→ Brief: Below, find the line containing "5dílný zahradní jídelní" and the line containing "剛入院時,懷疑為中風在神經內"; reproduce exactly those two and every line between them, omitting pictures.

[[ Material to process open ]]

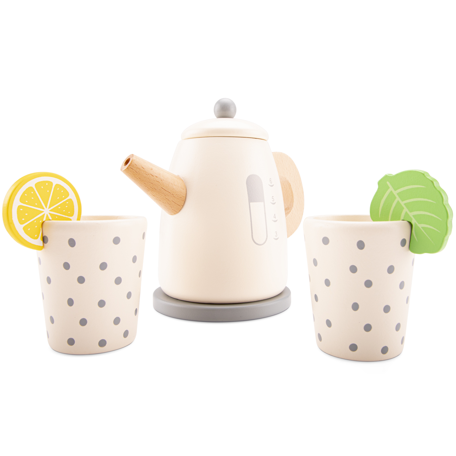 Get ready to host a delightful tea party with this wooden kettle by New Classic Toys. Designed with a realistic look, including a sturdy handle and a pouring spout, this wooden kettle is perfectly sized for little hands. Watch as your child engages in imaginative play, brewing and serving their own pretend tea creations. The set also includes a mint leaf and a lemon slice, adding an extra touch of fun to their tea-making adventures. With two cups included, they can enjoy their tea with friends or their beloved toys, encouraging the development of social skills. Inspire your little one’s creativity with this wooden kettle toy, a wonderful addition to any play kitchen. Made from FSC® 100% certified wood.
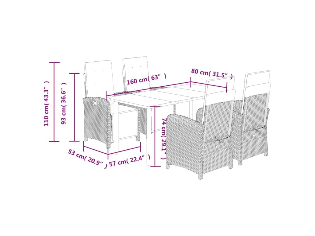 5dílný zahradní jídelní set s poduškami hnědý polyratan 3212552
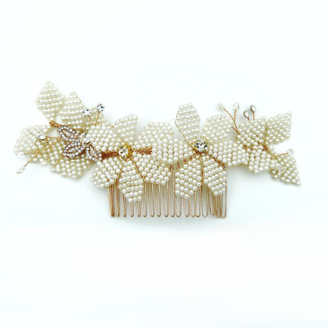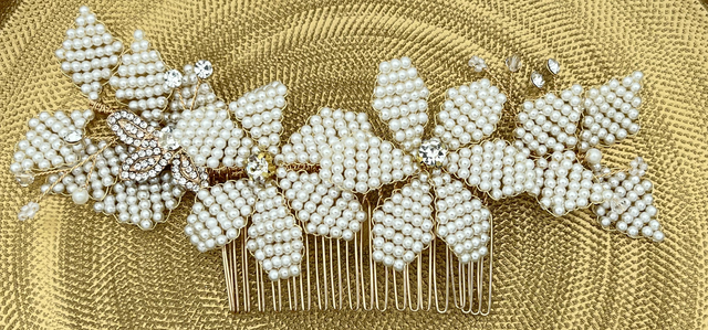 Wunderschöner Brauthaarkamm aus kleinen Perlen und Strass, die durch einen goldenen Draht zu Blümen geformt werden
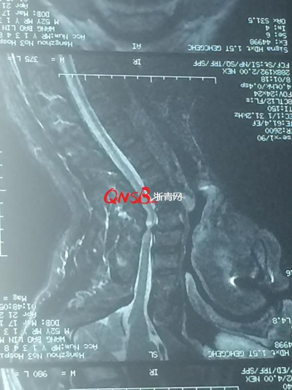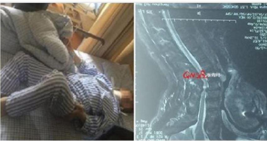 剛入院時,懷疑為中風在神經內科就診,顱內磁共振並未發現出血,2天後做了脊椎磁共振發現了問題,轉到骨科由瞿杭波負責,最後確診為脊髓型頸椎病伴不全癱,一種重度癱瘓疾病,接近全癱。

[[ Material to process closed ]]
[[ Material to process open ]]

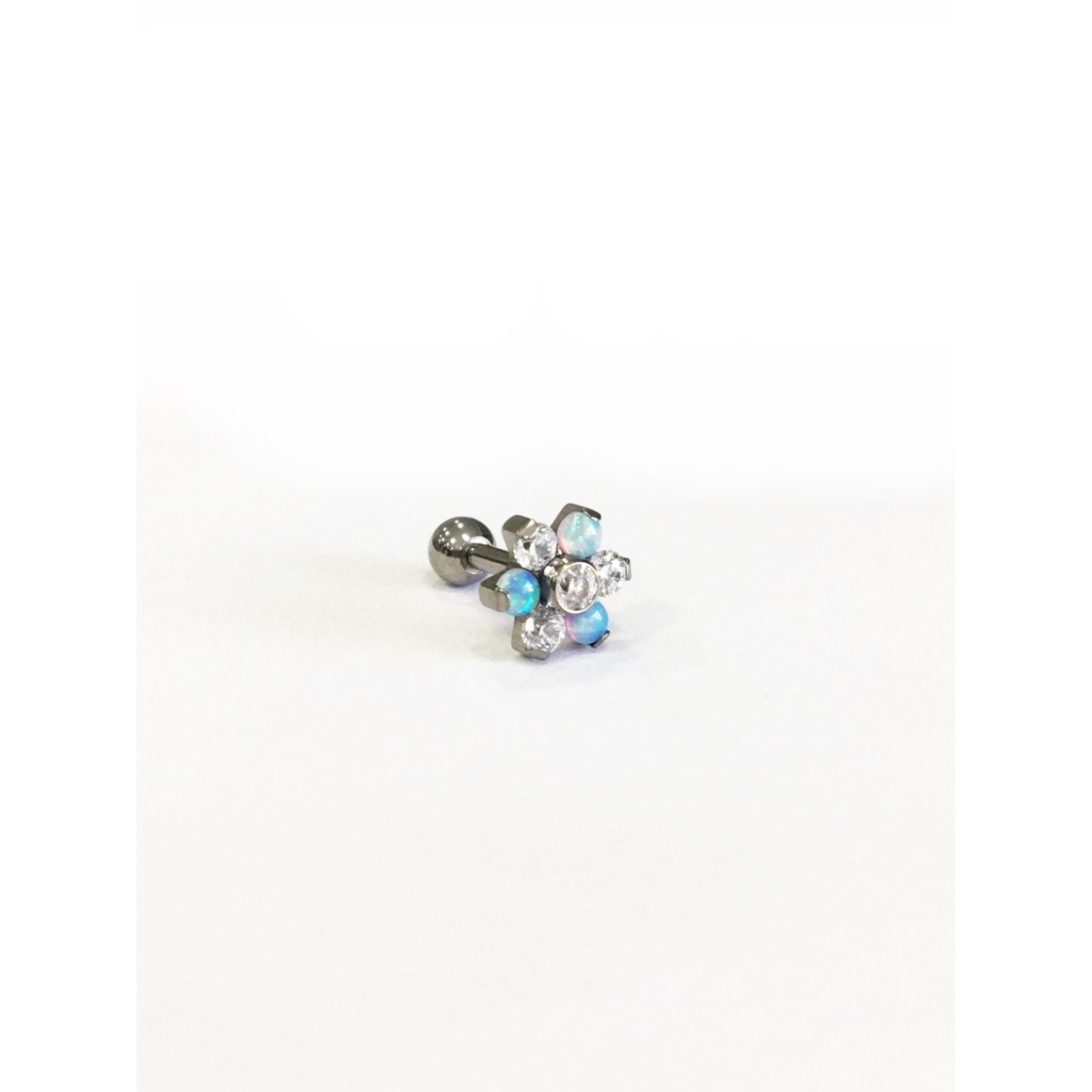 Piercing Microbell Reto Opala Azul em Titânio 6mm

[[ Material to process closed ]]

→ Task solution:
 5dílný zahradní jídelní set s poduškami hnědý polyratan 3212552
 Wunderschöner Brauthaarkamm aus kleinen Perlen und Strass, die durch einen goldenen Draht zu Blümen geformt werden
 剛入院時,懷疑為中風在神經內科就診,顱內磁共振並未發現出血,2天後做了脊椎磁共振發現了問題,轉到骨科由瞿杭波負責,最後確診為脊髓型頸椎病伴不全癱,一種重度癱瘓疾病,接近全癱。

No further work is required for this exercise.